By Our Staff Reporter

BANGALORE, OCT. 1. A public meeting on ``Deaths of child labourers in suspicious circumstances'', organised here on Monday, showed that children were employed in the homes of educated and successful members of society.

``Case studies'' and first-person accounts of two girls who were ``rescued'', presented at the meeting, showed that educated employers routinely brutalised the children they employed.

The body of 10-year-old Malisha (the name has been changed) was found in a drain near Bhoodala Ring Road in Davangere, in January this year. The Campaign Against Child Labour (CACL), an NGO, said that an investigation showed that she was raped and killed.

Her sad story formed one of the six ``case studies'' presented by the CACL. The organisation said Malisha had been employed as a domestic servant by a local businessman. A case was pending in a court in Davangere, and the employer had not been arrested, the CACL said.
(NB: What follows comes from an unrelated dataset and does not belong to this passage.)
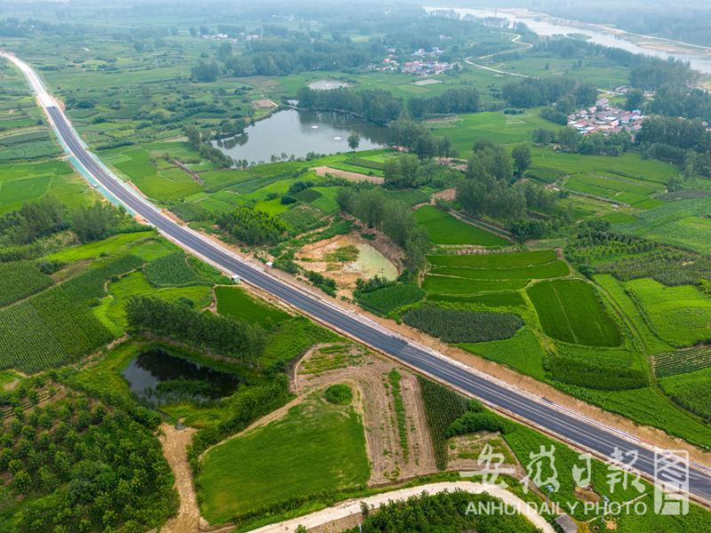 7月25日,拍摄的由安徽路桥承建的霍邱县产业振兴公路。该项目全长 19.245公里,目前路基工程已完成,正在全力推进路面施工阶段,计划2023年10月完成项目整体建设任务。建成后将解决沿线5个乡镇30万群众出行问题,带动沿淮、沿淠乡镇产业发展,巩固脱贫成效,助力乡村振兴。

The ``jury members'' at the meeting which was described as a ``public hearing'', were Prof. Ravi Varma Kumar, an advocate, Prof. Babu Mathew of the National Law School of India University, and Ms. Nina Naik, President, Karnataka State Council for Child Welfare. The Commissioner of Labour, Bangalore, was present as an observer.

The case studies showed that the employers allegedly involved were a factory owner, a district health officer, a businessman, a coffee planter, a lawyer, and a corporator from Bangalore.

Each of the case studies dealt with a minor girl from an impoverished family. The girls worked like slaves and were barely paid wages. They were not allowed to visit their families.

In each case, the employers were suspected to have had a hand in the death of the child worker, and the investigation was done by police. In one case, involving the death of a 13-year-old girl in the house of a district health officer in Mysore in 1997, a Corps of Detectives inquiry, instituted four years after the death, found that the girl committed suicide, the CACL said. The other cases were pending in the courts, it added.